> **AIM OF THE EXERCISE**
Would you please copy all of the data exactly, skipping the images?

> **DATASET ENTRIES**
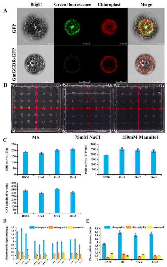 The GmGGDR gene confers tolerance to abiotic stress in Arabidopsis and soybeans. (A) Subcellular localization of the GmGGDR gene; (B) phenotypic analysis of transgenic Arabidopsis under stress treatment; (C) determination of antioxidant enzyme activity in transgenic soybeans: DN50: Dongnong50; Ox: transgenic lines. ** means significant differences at the p < 0.01 level. (D) Photosynthetic pigment content in transgenic Arabidopsis leaves: WT: Col-0; Ox: transgenic lines; M: ggdr mutant lines; C: complemented lines. * means significant differences at the p < 0.05 level. (E) Determination of photosynthetic pigment contents in transgenic soybeans: DN50: Dongnong50; Ox: transgenic lines. * means significant differences at the p < 0.05 level.
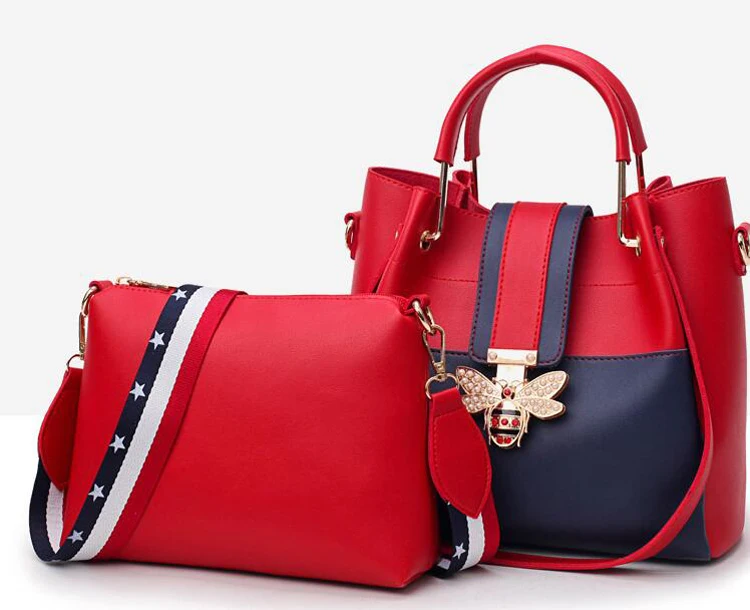 Wohlbege Женский Pu с одним плечом, сшитая пряжка в виде пчелы, металлический портативный большой объем, комплект из 2 предметов
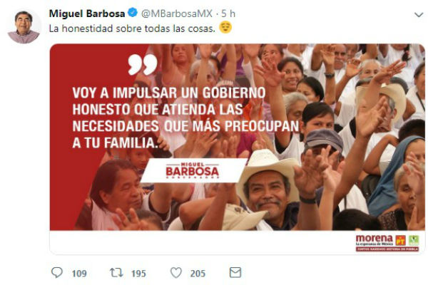 “Miguel Barbosa es impresentable, pone en riesgo el triunfo de Morena en Puebla, Morena no tiene la culpa de que este señor se haya enriquecido de manera inexplicable”, abundó.
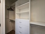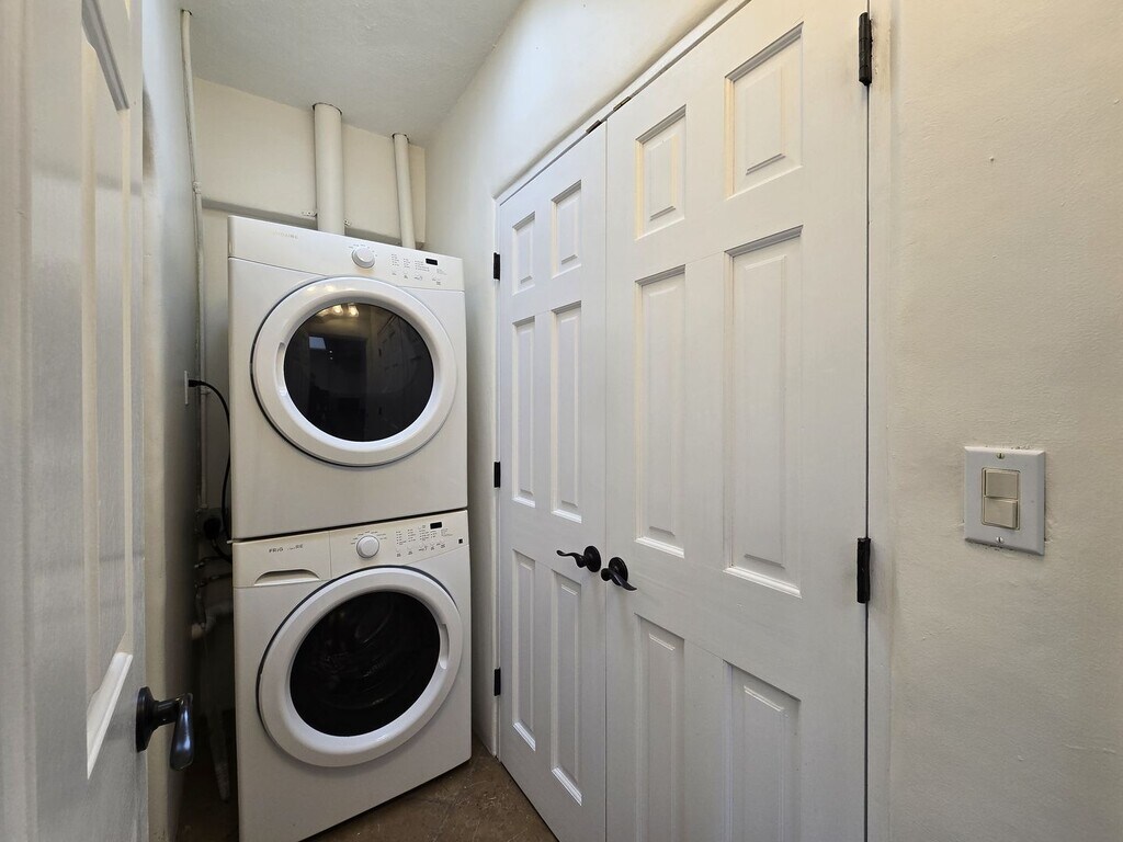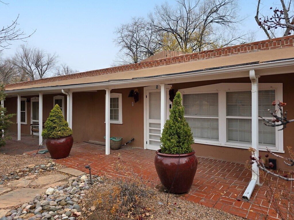 Discover a rare and captivating studio apartment nestled in the heart of downtown Santa Fe. This 610 square foot oasis perfectly balances authentic Southwestern flair with modern luxury, offering a private, elegant retreat just moments from the city's vibrant culture. Step inside to an expansive, sun-drenched main living area defined by a striking vaulted ceiling finished in whitewashed tongue-and-groove planking, beautifully framed by clean white beams. Natural light floods the space, primarily from a large, adjustable overhead skylight and multiple picture windows overlooking the serene patio areas. The floor is laid with rich, wood-look ceramic tile, grounding the space with warmth. The true centerpiece is the wood burning fireplace, providing a classic, cozy focal point. Architectural interest abounds with a set of magnificent, rustic barn doors finished in distressed turquoise and white, providing a unique, artful division for the sleeping area. Enjoy the convenience of a dedicated laundry closet featuring a full-sized stacked washer and dryer, and a custom-fitted closet system with built-in shelving and drawers for exceptional organization. The studio boasts a beautifully appointed kitchen designed for the home chef with rich, dark wood cabinetry complemented by stunning, deep green natural stone countertops. The kitchen also features a gas range, over-the-range microwave, and a modern French-door refrigerator. The luxurious bathroom features a vanity with matching green stone countertops, a hammered copper vessel sink, and a spacious walk-in shower. The exterior embraces classic New Mexican Pueblo-Revival architecture with warm stucco and a covered, brick-paved front portal. The apartment offers access to tranquil outdoor spaces, complete with handsome privacy walls, mature trees, and landscaping. Enjoy alfresco dining or relaxing on the patio furniture, surrounded by the beautiful foliage. This downtown studio is more than just an apartment—it's a quintessential Santa Fe experience, ready to be your peaceful home base in the City Different. Brant Goodman, Qualifying Broker Landseer Management: Experience the Difference Rental Fees & Policies Pet Policy • $250 non-refundable pet administration fee • $50/month per pet Early Lease Termination • Fee equal to one month’s rent plus gross receipts tax • Tenant remains responsible for rent and utilities until the unit is re-rented Payment Policies • Late Fee: 5% of monthly rent if payment is not received on time • NSF Fee: $25 charge for returned payments Utilities • Flat fee of $50 a month for water, sewer, and trash. • Electricity and gas will be transferred into the tenants name and paid directly to utility companies. Renter’s Insurance • Tenants are required to obtain and maintain renter’s insurance for the duration of the lease.
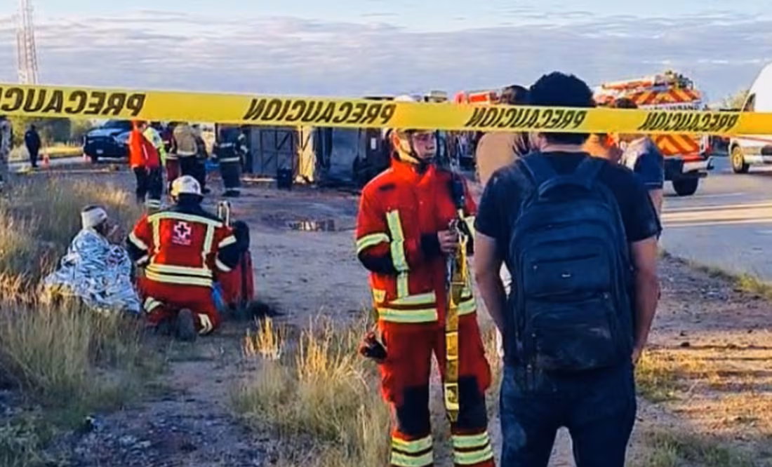 Hermosillo, Sonora.- Un autobús de pasajeros de la línea Tufesa volcó sobre la carretera internacional tramo Guaymas-Hermosillo kilómetros 234, con saldo preliminar de seis personas fallecidas y más de 15 lesionadas.
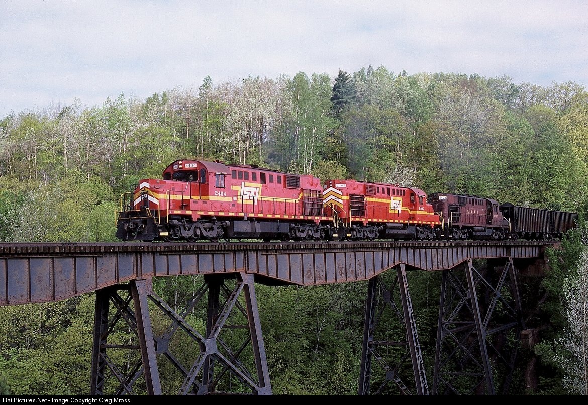 In a somewhat unusual move, 3 LS&I Alligators bring a coal train up the hill from Marquette to Eagle Mills. It was a bit of a hike to get to the Dead River trestle, but the results were worth it.

> **EXPECTED OUTPUT**
 The GmGGDR gene confers tolerance to abiotic stress in Arabidopsis and soybeans. (A) Subcellular localization of the GmGGDR gene; (B) phenotypic analysis of transgenic Arabidopsis under stress treatment; (C) determination of antioxidant enzyme activity in transgenic soybeans: DN50: Dongnong50; Ox: transgenic lines. ** means significant differences at the p < 0.01 level. (D) Photosynthetic pigment content in transgenic Arabidopsis leaves: WT: Col-0; Ox: transgenic lines; M: ggdr mutant lines; C: complemented lines. * means significant differences at the p < 0.05 level. (E) Determination of photosynthetic pigment contents in transgenic soybeans: DN50: Dongnong50; Ox: transgenic lines. * means significant differences at the p < 0.05 level.
 Wohlbege Женский Pu с одним плечом, сшитая пряжка в виде пчелы, металлический портативный большой объем, комплект из 2 предметов
 “Miguel Barbosa es impresentable, pone en riesgo el triunfo de Morena en Puebla, Morena no tiene la culpa de que este señor se haya enriquecido de manera inexplicable”, abundó.
 Discover a rare and captivating studio apartment nestled in the heart of downtown Santa Fe. This 610 square foot oasis perfectly balances authentic Southwestern flair with modern luxury, offering a private, elegant retreat just moments from the city's vibrant culture. Step inside to an expansive, sun-drenched main living area defined by a striking vaulted ceiling finished in whitewashed tongue-and-groove planking, beautifully framed by clean white beams. Natural light floods the space, primarily from a large, adjustable overhead skylight and multiple picture windows overlooking the serene patio areas. The floor is laid with rich, wood-look ceramic tile, grounding the space with warmth. The true centerpiece is the wood burning fireplace, providing a classic, cozy focal point. Architectural interest abounds with a set of magnificent, rustic barn doors finished in distressed turquoise and white, providing a unique, artful division for the sleeping area. Enjoy the convenience of a dedicated laundry closet featuring a full-sized stacked washer and dryer, and a custom-fitted closet system with built-in shelving and drawers for exceptional organization. The studio boasts a beautifully appointed kitchen designed for the home chef with rich, dark wood cabinetry complemented by stunning, deep green natural stone countertops. The kitchen also features a gas range, over-the-range microwave, and a modern French-door refrigerator. The luxurious bathroom features a vanity with matching green stone countertops, a hammered copper vessel sink, and a spacious walk-in shower. The exterior embraces classic New Mexican Pueblo-Revival architecture with warm stucco and a covered, brick-paved front portal. The apartment offers access to tranquil outdoor spaces, complete with handsome privacy walls, mature trees, and landscaping. Enjoy alfresco dining or relaxing on the patio furniture, surrounded by the beautiful foliage. This downtown studio is more than just an apartment—it's a quintessential Santa Fe experience, ready to be your peaceful home base in the City Different. Brant Goodman, Qualifying Broker Landseer Management: Experience the Difference Rental Fees & Policies Pet Policy • $250 non-refundable pet administration fee • $50/month per pet Early Lease Termination • Fee equal to one month’s rent plus gross receipts tax • Tenant remains responsible for rent and utilities until the unit is re-rented Payment Policies • Late Fee: 5% of monthly rent if payment is not received on time • NSF Fee: $25 charge for returned payments Utilities • Flat fee of $50 a month for water, sewer, and trash. • Electricity and gas will be transferred into the tenants name and paid directly to utility companies. Renter’s Insurance • Tenants are required to obtain and maintain renter’s insurance for the duration of the lease.
 Hermosillo, Sonora.- Un autobús de pasajeros de la línea Tufesa volcó sobre la carretera internacional tramo Guaymas-Hermosillo kilómetros 234, con saldo preliminar de seis personas fallecidas y más de 15 lesionadas.
 In a somewhat unusual move, 3 LS&I Alligators bring a coal train up the hill from Marquette to Eagle Mills. It was a bit of a hike to get to the Dead River trestle, but the results were worth it.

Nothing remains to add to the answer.